AVAILABLE DATA.
• • •
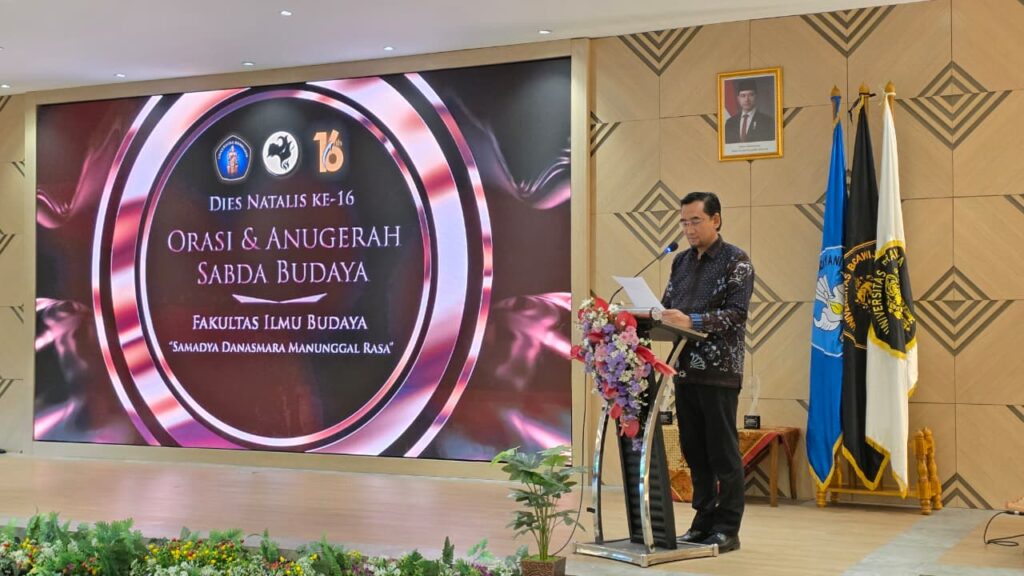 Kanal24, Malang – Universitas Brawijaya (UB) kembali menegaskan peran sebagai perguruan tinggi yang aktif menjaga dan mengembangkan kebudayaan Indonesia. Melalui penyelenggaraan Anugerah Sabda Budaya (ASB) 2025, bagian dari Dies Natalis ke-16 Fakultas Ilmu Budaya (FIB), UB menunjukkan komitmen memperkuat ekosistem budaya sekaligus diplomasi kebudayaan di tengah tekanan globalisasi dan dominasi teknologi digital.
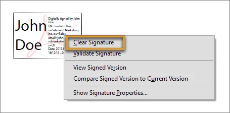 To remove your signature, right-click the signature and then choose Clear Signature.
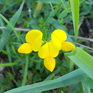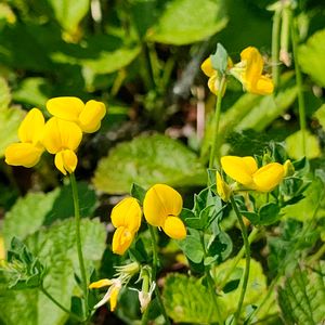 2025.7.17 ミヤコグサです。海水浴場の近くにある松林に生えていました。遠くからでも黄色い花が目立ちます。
• • •
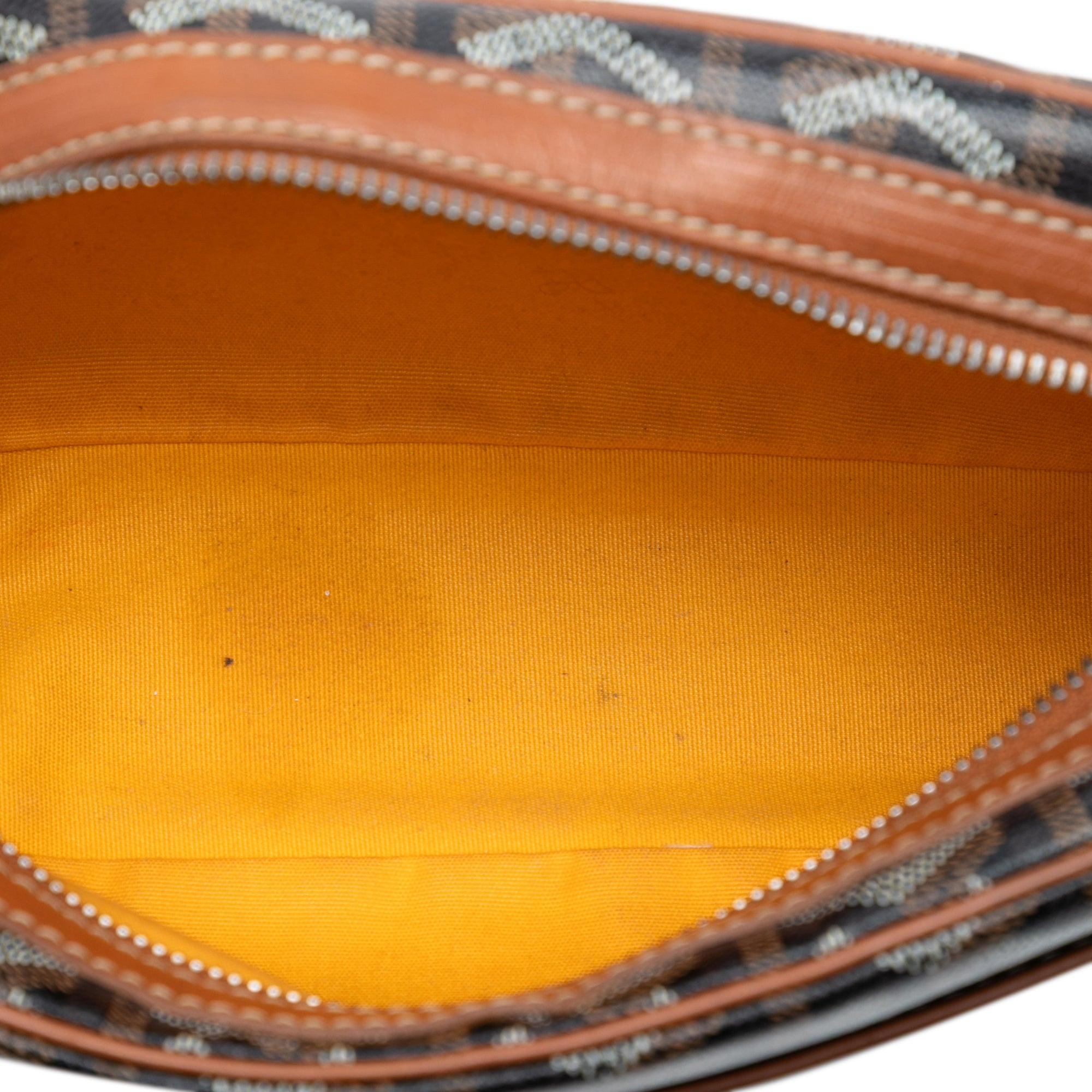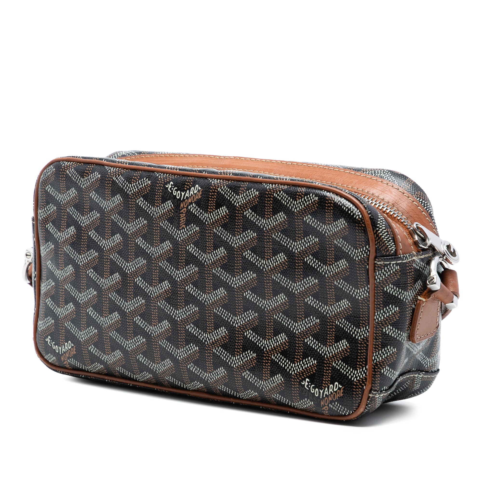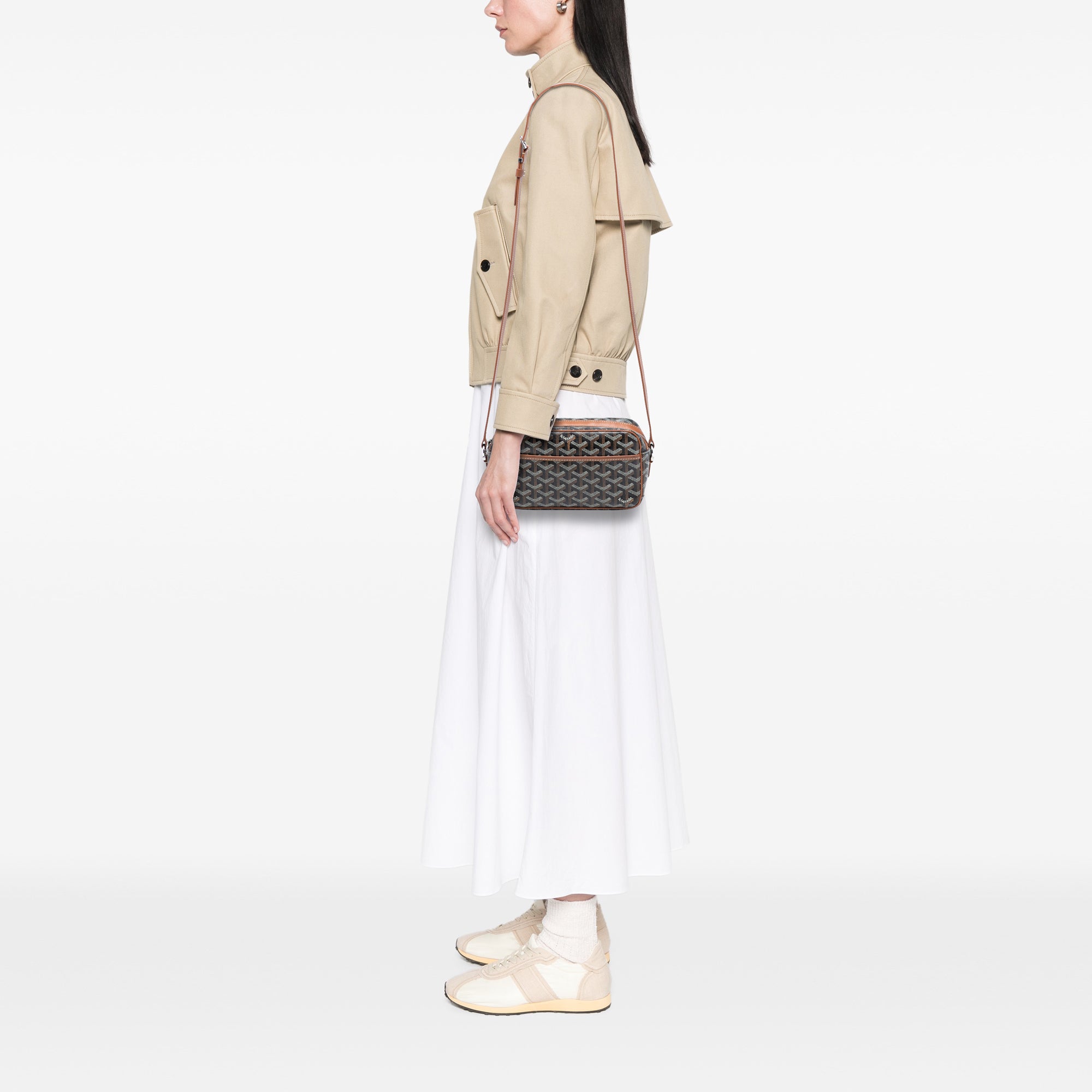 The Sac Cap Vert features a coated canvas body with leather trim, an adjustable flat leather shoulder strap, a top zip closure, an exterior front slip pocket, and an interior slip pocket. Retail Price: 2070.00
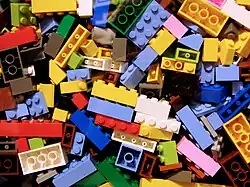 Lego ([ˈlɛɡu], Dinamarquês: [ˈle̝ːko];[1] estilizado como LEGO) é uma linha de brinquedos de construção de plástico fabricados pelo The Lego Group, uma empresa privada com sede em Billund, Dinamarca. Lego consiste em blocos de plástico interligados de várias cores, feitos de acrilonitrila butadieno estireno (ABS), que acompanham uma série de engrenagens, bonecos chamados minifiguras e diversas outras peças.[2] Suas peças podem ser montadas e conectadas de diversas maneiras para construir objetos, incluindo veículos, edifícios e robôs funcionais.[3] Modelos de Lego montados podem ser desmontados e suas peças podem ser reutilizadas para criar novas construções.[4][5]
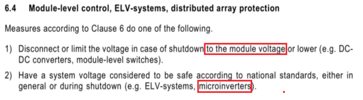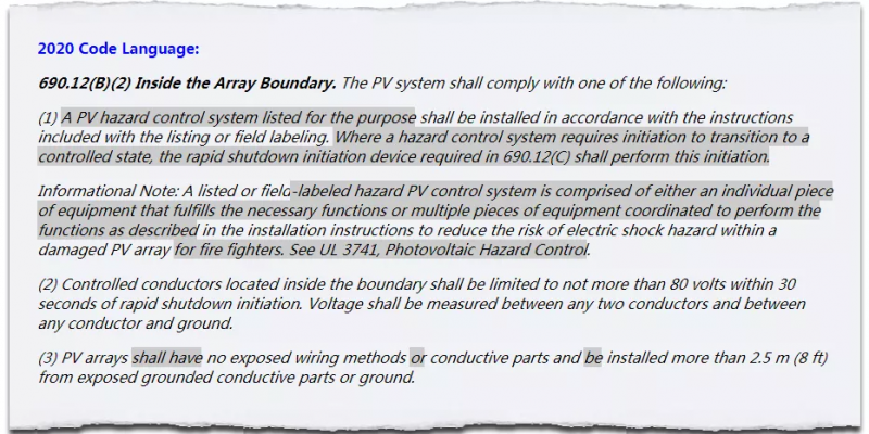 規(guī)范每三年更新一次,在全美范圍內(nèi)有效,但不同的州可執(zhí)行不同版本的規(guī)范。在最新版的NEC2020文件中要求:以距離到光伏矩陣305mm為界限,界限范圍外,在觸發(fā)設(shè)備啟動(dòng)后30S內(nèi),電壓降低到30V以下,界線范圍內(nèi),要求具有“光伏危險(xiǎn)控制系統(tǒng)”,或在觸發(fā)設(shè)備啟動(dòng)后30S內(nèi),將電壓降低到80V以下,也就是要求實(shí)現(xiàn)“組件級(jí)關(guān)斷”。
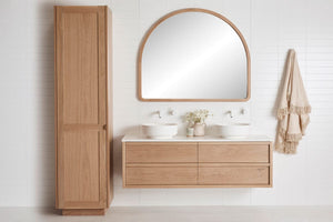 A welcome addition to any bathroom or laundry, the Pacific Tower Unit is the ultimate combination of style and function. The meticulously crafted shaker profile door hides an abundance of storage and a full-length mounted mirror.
• • •
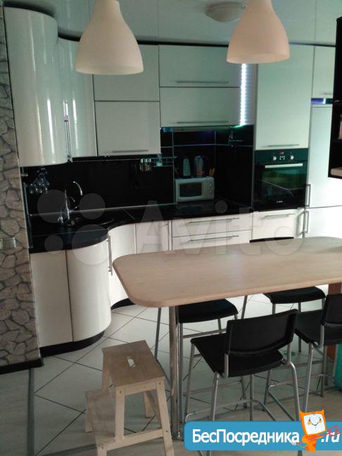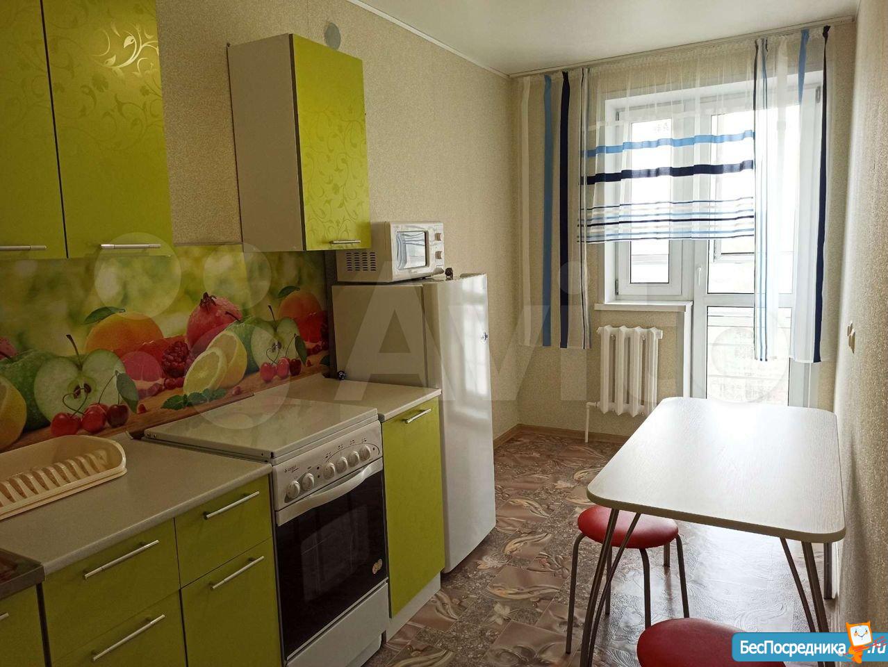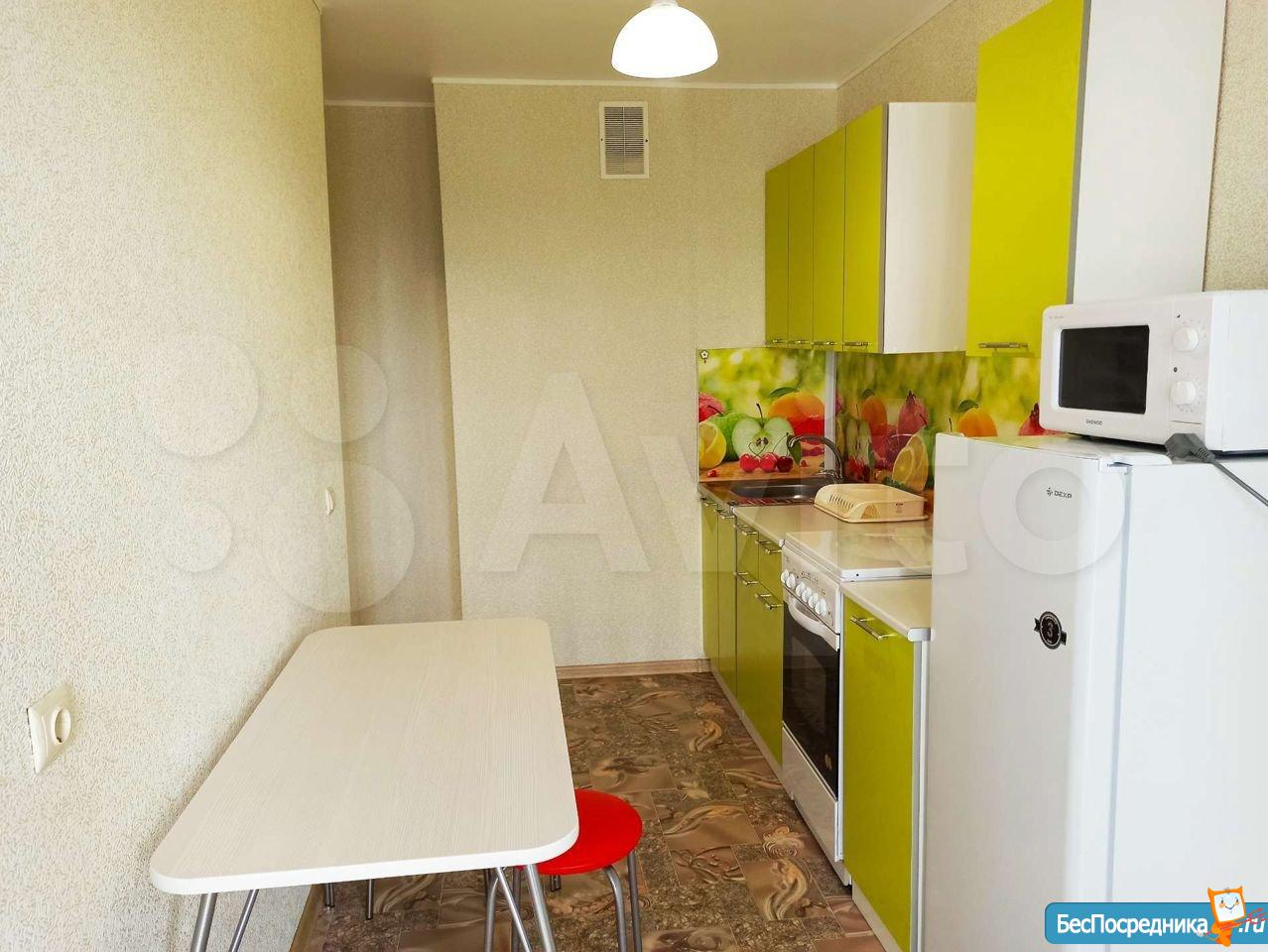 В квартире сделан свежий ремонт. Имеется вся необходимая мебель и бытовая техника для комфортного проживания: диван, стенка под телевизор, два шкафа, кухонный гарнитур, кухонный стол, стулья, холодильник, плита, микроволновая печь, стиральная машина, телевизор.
• • •
WHAT YOU NEED TO DO.
Transcribe the lines above exactly, beginning at the one with "Lego ([ˈlɛɡu], Dinamarquês: [ˈle̝ːko];[1]" and ending at the one with "A welcome addition". Include both; exclude the pictures.

WRITTEN ANSWER.
 Lego ([ˈlɛɡu], Dinamarquês: [ˈle̝ːko];[1] estilizado como LEGO) é uma linha de brinquedos de construção de plástico fabricados pelo The Lego Group, uma empresa privada com sede em Billund, Dinamarca. Lego consiste em blocos de plástico interligados de várias cores, feitos de acrilonitrila butadieno estireno (ABS), que acompanham uma série de engrenagens, bonecos chamados minifiguras e diversas outras peças.[2] Suas peças podem ser montadas e conectadas de diversas maneiras para construir objetos, incluindo veículos, edifícios e robôs funcionais.[3] Modelos de Lego montados podem ser desmontados e suas peças podem ser reutilizadas para criar novas construções.[4][5]
 規(guī)范每三年更新一次,在全美范圍內(nèi)有效,但不同的州可執(zhí)行不同版本的規(guī)范。在最新版的NEC2020文件中要求:以距離到光伏矩陣305mm為界限,界限范圍外,在觸發(fā)設(shè)備啟動(dòng)后30S內(nèi),電壓降低到30V以下,界線范圍內(nèi),要求具有“光伏危險(xiǎn)控制系統(tǒng)”,或在觸發(fā)設(shè)備啟動(dòng)后30S內(nèi),將電壓降低到80V以下,也就是要求實(shí)現(xiàn)“組件級(jí)關(guān)斷”。
 A welcome addition to any bathroom or laundry, the Pacific Tower Unit is the ultimate combination of style and function. The meticulously crafted shaker profile door hides an abundance of storage and a full-length mounted mirror.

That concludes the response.